Hi OD-Experts,
I have created a Workflow that should create a DataTable from a source table that filters data in a query. The filter variable is handed over as a workflow variable. I have used this workflow in a production line, and in a second workflow that triggers the workflow using the python SDK. Also, the production line is triggered using the python SDK in a third workflow. Whenever I use the workflow triggering the production line in a loop, the tables are written as expected.
It is different when I’m directly executing the workflow using the SDK. It also doesn’t matter if I was using execute_async or execute_sync. When I check the job_shallow object, it states that the job was finished successfully. Also the workflow shows, that the execution was successful. No tables are written. Also, when I look at the job history of the triggered workflow, no error is shown.

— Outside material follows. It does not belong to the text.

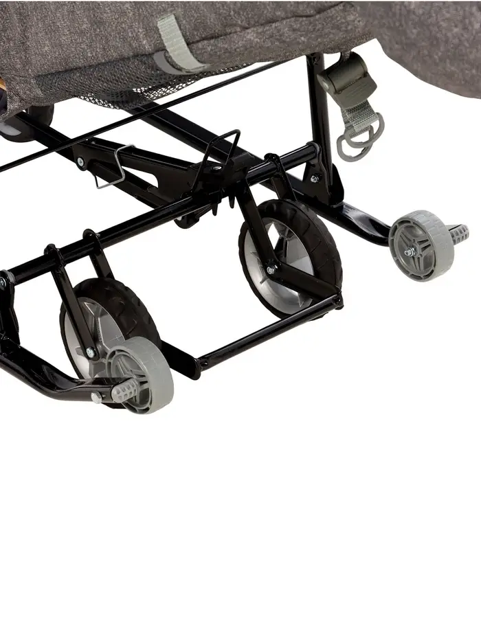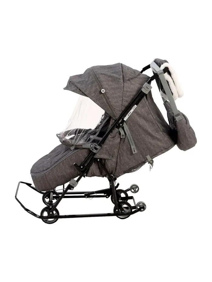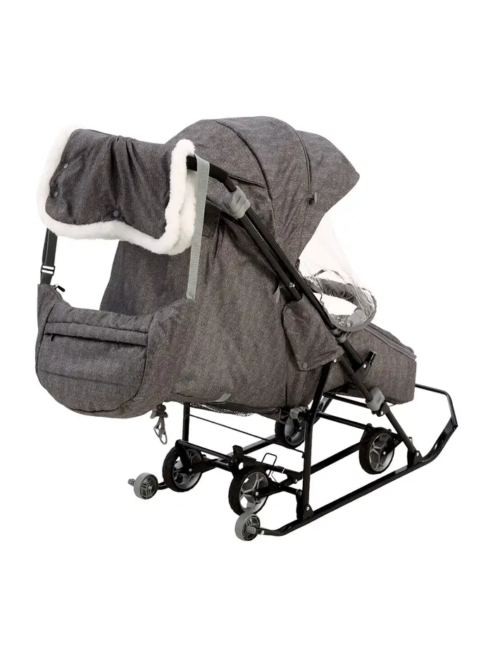 - Санки легко превращаются в коляску — выдвижные колёса и дополнительные ролики на полозьях позволяют кататься по разным поверхностям.

I have tried different approaches:
- Singular runs without a loop results in no data table written.
- Running in a loop without a sleep command results in no data table written.
- Running in a loop with forced sleeps results in no data table written.
Am I missing something? I also attach the snippet, may be I’m missing something in the code.
for index, row in dataset.iterrows():
print("Execute WF synchronuously")
# Generate List containing the variable assignments for the PL
wf_id = '8f4c30f0-8851-4c17-a23f-1fd3fb9e35ea'
wf_proc = one_data_api.workflows.execute_sync(
id=wf_id,
variable_assignments=[{"variableType": "string", "variableName": "EXTRACTOR_NAME", "variableValue": row["EXTRACTOR_NAME"]}])
time.sleep(50)
# intentionally wait for the process to finish writing.
wf_job_shallow = one_data_api.workflows.jobs.get_latest_job_shallow(wf_id=wf_id, job_execution_state=JobExecutionState.SUCCESS.value)
print("Workflow Shallow Job")
print(wf_job_shallow.start_time)
print(wf_job_shallow.end_time)
print(wf_job_shallow.execution_state)
Have you any suggestions on how to overcome this issue?